* [What is needed]:
Would you give back exactly the lines from the line with "In Maths, we" through the end of the entries below, both included, but none of the pictures?

* [Records supplied]:
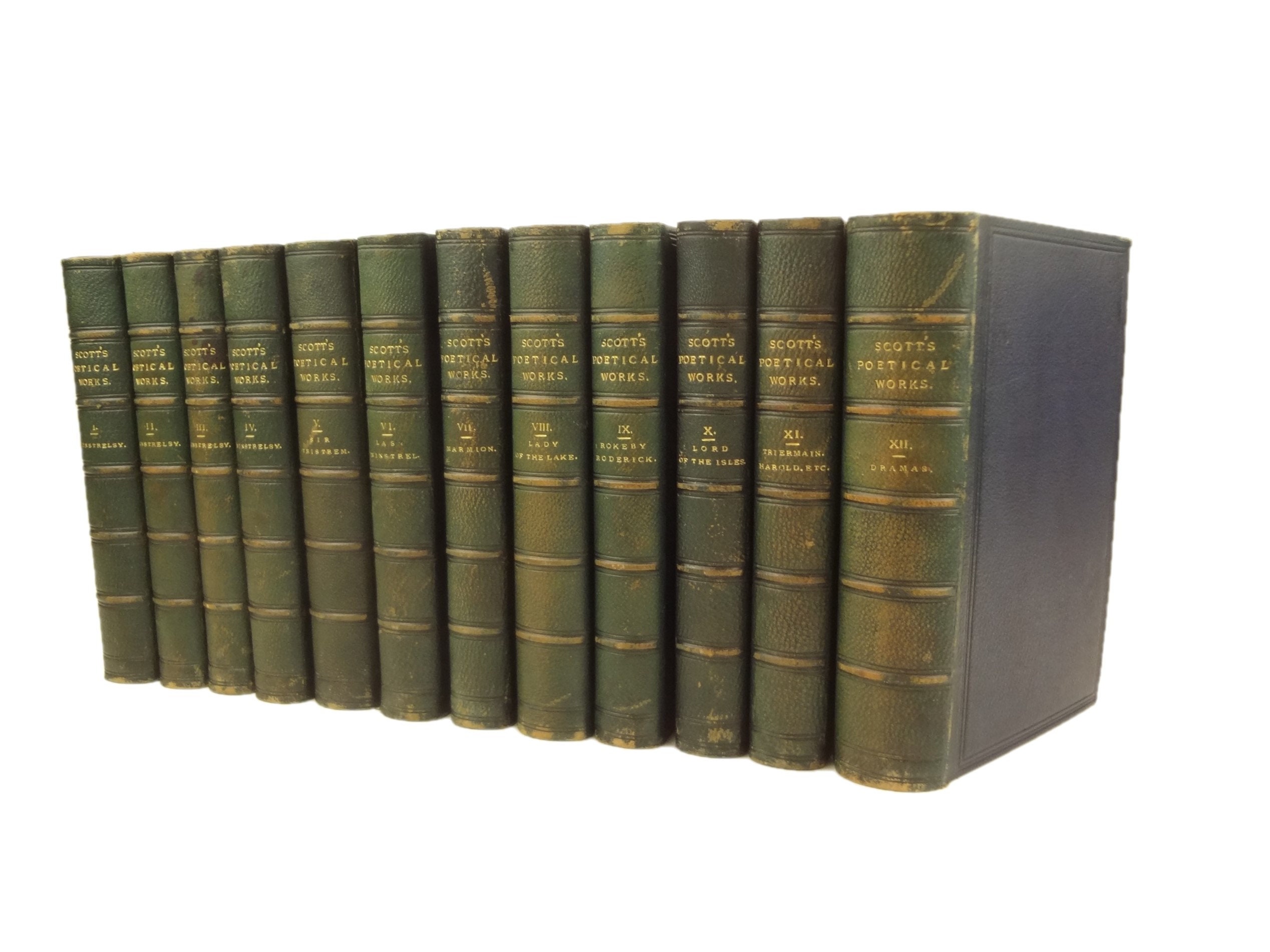 A handsome, complete, set of Sir Walter Scott's Poetical Works, with frontis and title page illustrations after J.M.W. Turner art. Printed in Edinburgh between 1833 and 1834 at the printing house of Robert Cadell. In this set you'll find such classics as The Lady of the Lake, Sir Tristrem, Rokeby, Mistrelsy, etc.. Bound modestly, but with the quality they're known for, by the Bickers & Son bindery in London.
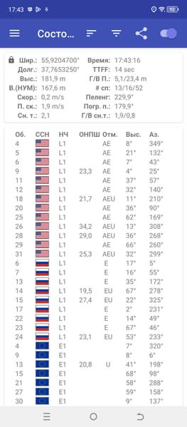 Одноканальный модуль спутниковой навигации работает с GPS, а также Глонасс, Galileo и BDS. Первые спутники при холодном старте обнаруживаются не молниеносно, но точность позиционирования не вызывает претензий.
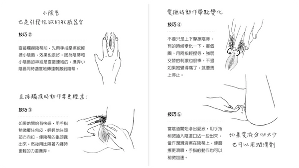 對於女性而言陰道內有快感的部位有兩個地方,那就是G點和子宮頸口,G點在進入陰道口約四∼五公分靠近腹部的地方,由於它只是小小的、直徑約一公分的範圍,只要一隻中指就可確實地愛撫,但是手指不像陰莖,在陰道進進出出的根本就沒有意義。一旦抓定G點的位置,就用指腹以按壓的方式刺激才對。也可以像搔癢似地畫小圓圈摩擦。 在手指刺激G點的同時,可以再透過舌頭去刺激陰蒂(陰蒂是外陰部最敏感的地方),用舌尖上下挑動陰蒂,或是順時針/逆時針圈舔刺激陰蒂周圍的神經,都可以增加對陰部的刺激。 圖片來源:究竟出版社
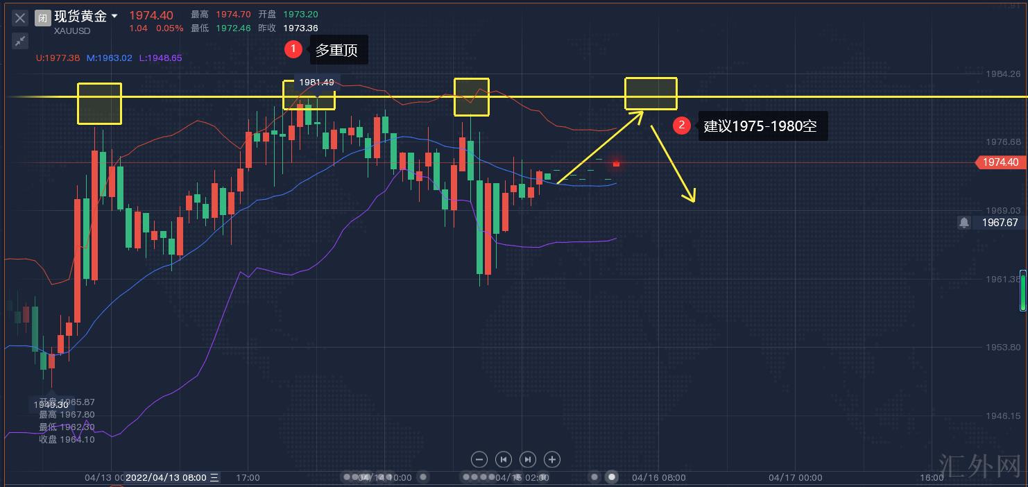 黄金多重顶,下周金银行情分析。在线指导。多空单解τ
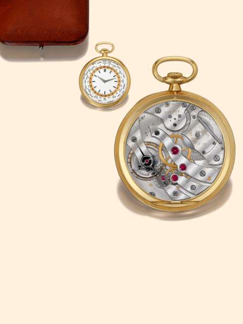 C. Four-body, "bassine", polished, gold hinged cuvette. D. Matte, silvered, outer Arabic revolving chapter ring for 24 hours, World Time chapter ring bearing the name of 32 major cities around the world according to the Louis Cottier World Time Patent. Steel "Dauphine" hands. M. 36 mm. (17 1/2’’’), rhodium-plated, 18 jewels, straight line lever escapement, cut-bimetallic compensation balance with blued steel Breguet balance spring, punched with Seal of Geneva quality hallmarks. Signed on the movement. Diam. 44 mm.
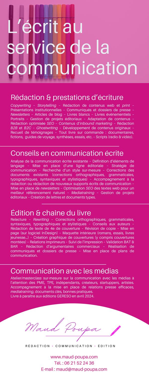Consultante éditoriale & rédactrice indépendante, j’accompagne les entreprises, les médias et les acteurs culturels dans la création de contenus écrits à forte valeur ajoutée : rédaction web & print, communication B2B, B2C et B2B, prête-plume et ghostwriting. Autrice de nombreux livres, je transforme les idées de mes clients en textes qui leur ressemblent et les mettent en valeur.
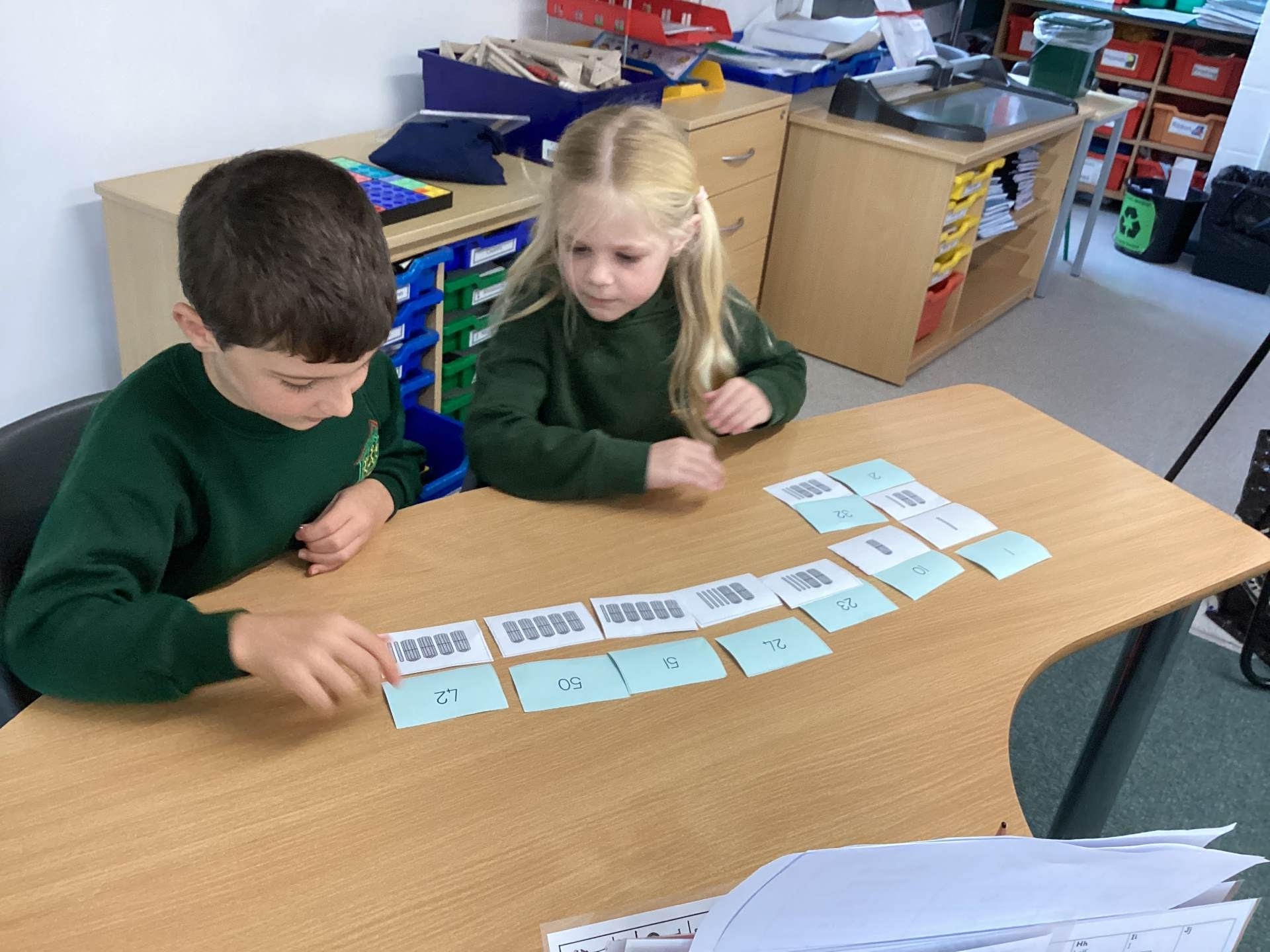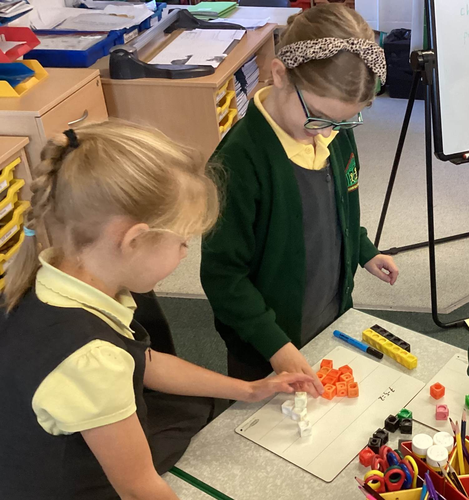 In Maths, we have been learning about subtraction as difference and solving problems such as, “A teacher has 8 children and 2 pencils. How many more pencils will she need?” We have used resources including multilink and Cuisenaire rods to support our learning.
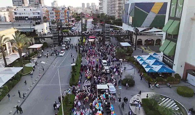 Kortejin en önünde yer alan çizgi film karakterlerinin maskotları etkinliğe renk katarken, Kır Çiçekleri tarafından da Türk bayrağı ve Atatürk posteri taşındı. Farklı ülkelerden festival için gelen öğrenciler de temsil ettikleri ülkelerin bayraklarıyla korteje eşlik etti. Mersin Büyükşehir Belediyesi Bandosu eşliğinde Forum Alışveriş Merkezi’nden başlayan kortej, Özgecan Aslan Meydanı’nda son buldu.
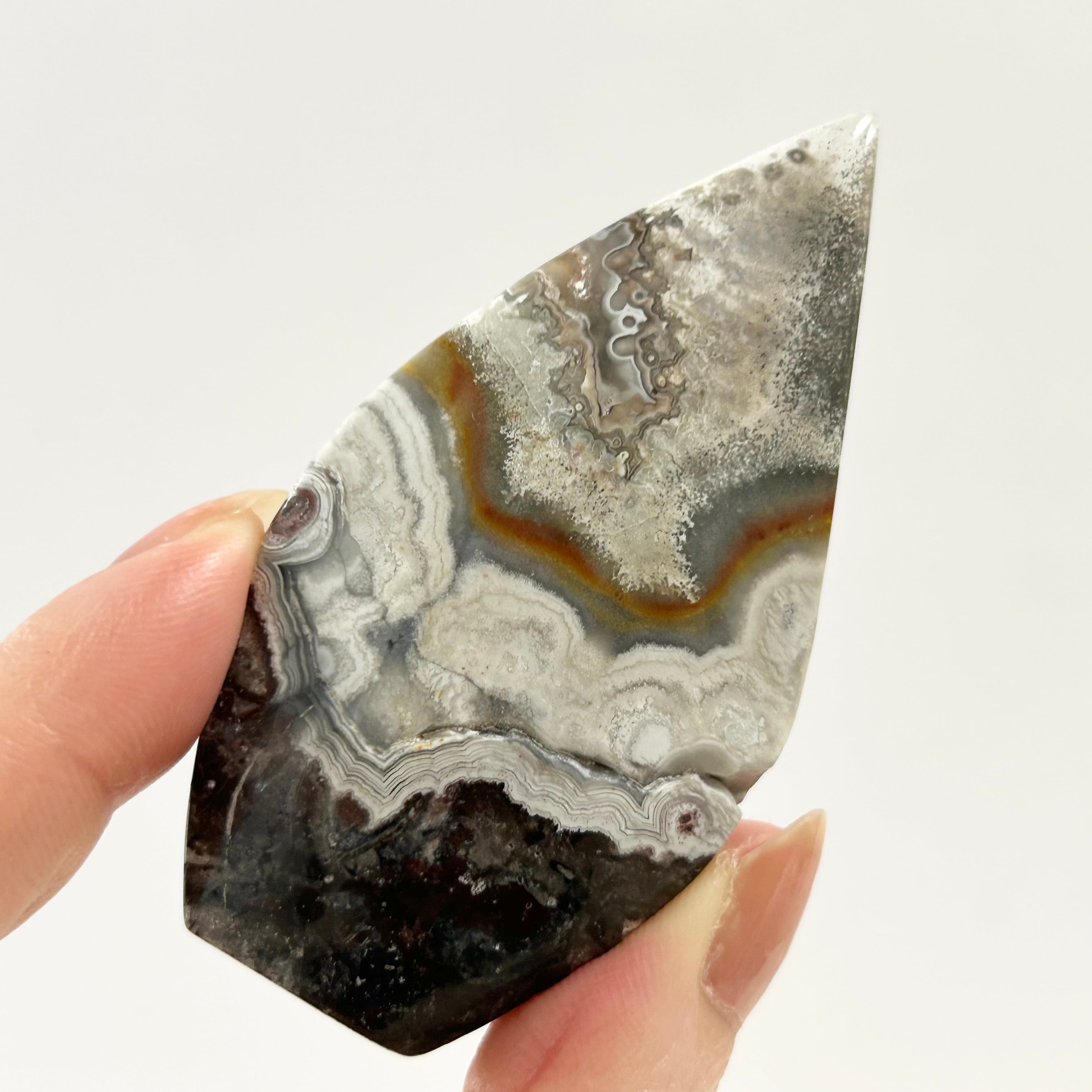 メキシカンクレイジーレースアゲートのフレイムシェイプ。幾重にも重なる縞模様が素敵です。
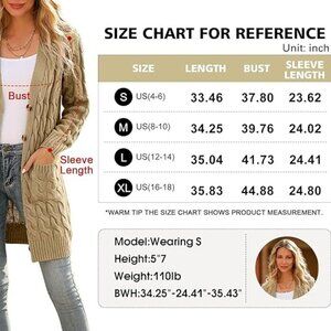 - Material: Made of soft and lightweight knit fabric, this long sweater for women is the perfect addition to your fall and winter wardrobe. Stay cozy and stylish with our womens sweaters cardigan. S=US 4-6, M=US 8-10, L=US 12-14, XL=US 16.
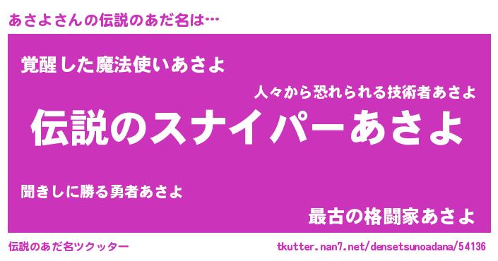 | 胡散臭い通販商品みたいなあだ名 | 『必ず成功する霊験あらたかなお札…その名も「あさよ」』 |

* [Final answer]:
 In Maths, we have been learning about subtraction as difference and solving problems such as, “A teacher has 8 children and 2 pencils. How many more pencils will she need?” We have used resources including multilink and Cuisenaire rods to support our learning.
 Kortejin en önünde yer alan çizgi film karakterlerinin maskotları etkinliğe renk katarken, Kır Çiçekleri tarafından da Türk bayrağı ve Atatürk posteri taşındı. Farklı ülkelerden festival için gelen öğrenciler de temsil ettikleri ülkelerin bayraklarıyla korteje eşlik etti. Mersin Büyükşehir Belediyesi Bandosu eşliğinde Forum Alışveriş Merkezi’nden başlayan kortej, Özgecan Aslan Meydanı’nda son buldu.
 メキシカンクレイジーレースアゲートのフレイムシェイプ。幾重にも重なる縞模様が素敵です。
 - Material: Made of soft and lightweight knit fabric, this long sweater for women is the perfect addition to your fall and winter wardrobe. Stay cozy and stylish with our womens sweaters cardigan. S=US 4-6, M=US 8-10, L=US 12-14, XL=US 16.
 | 胡散臭い通販商品みたいなあだ名 | 『必ず成功する霊験あらたかなお札…その名も「あさよ」』 |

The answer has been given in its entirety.